The ransomware ecosystem was rocked in early 2026 when two prominent ransomware‑as‑a‑service (RaaS) operations, 0APT and KryBit, turned on each other, spilling a treasure trove of internal data that gave defenders an unprecedented look at the mechanics of modern ransomware groups.

The feud erupted after a dispute over affiliate revenue splits, prompting 0APT to leak a 4 GB archive containing victim lists, negotiation logs, and C2 infrastructure details. The archive included a list of over 2,300 compromised organizations, RSA‑4096 public keys used for victim encryption, and a library of custom malware modules such as a derivative of the DarkSide loader and a variant of the WastedLocker ransomware. In response, KryBit retaliated by publishing a 2.5 GB dump of its own internal chat logs, configuration files, and a collection of Cobalt Strike Beacon payloads, along with the groups' custom “ransom_note” template that featured newly generated Bitcoin wallet addresses and a unique victim‑ID scheme.

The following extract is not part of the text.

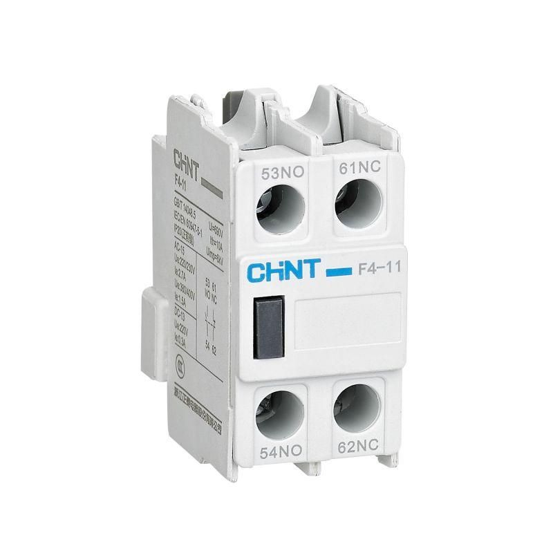 Приставка дополнительных контактов F4-20 к контактору NC1, NC2, NC8 (R) от CHINT расширяет функциональность контакторов за счёт двух дополнительных нормально открытых контактов. Устройство предназначено для управления цепями сигнализации, блокировок и вспомогательной автоматики в системах с этими моделями контакторов.
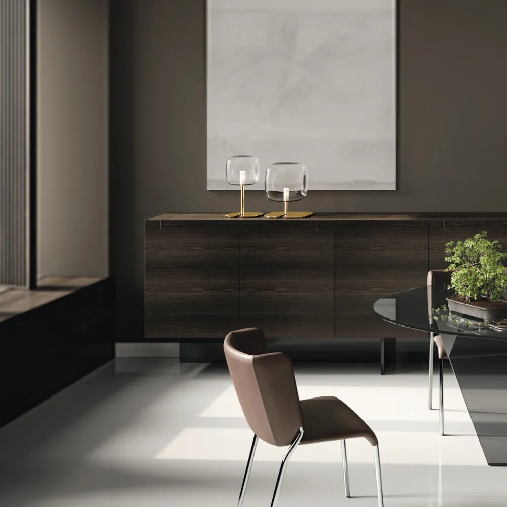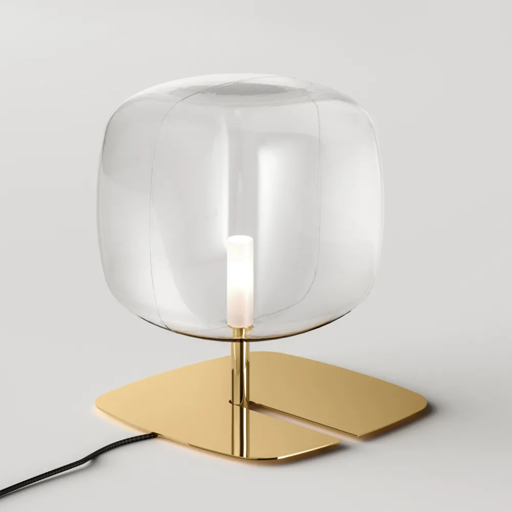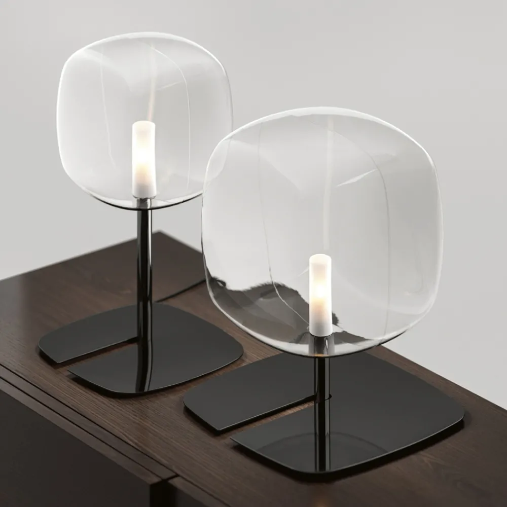 LED-Tischlampe aus transparentem Glas und Metall Made in Italy.

The leaked data exposed several technical details that are valuable for threat hunting. Among the findings were two command‑and‑control (C2) IP ranges—192.0.2.0/24 and 198.51.100.0/24—used by both groups, as well as VPN tunnel credentials for the encrypted ECC channel the affiliates used to coordinate attacks. The negotiation logs revealed average ransom demands of $2.5 million, with a 38 % success rate after bargaining, providing insight into the economic motivations and negotiation tactics employed by RaaS operators.

Security researchers have already used the disclosures to generate new indicators of compromise (IOCs), block the exposed C2 IPs at the network perimeter, and create detection rules for the specific “ransom_note” filenames and Bitcoin address patterns. The incident underscores how internal rivalries within the ransomware underground can inadvertently arm defenders with high‑fidelity intelligence on APT‑style ransomware operations, enabling more effective incident response and proactive threat‑intel sharing across the industry.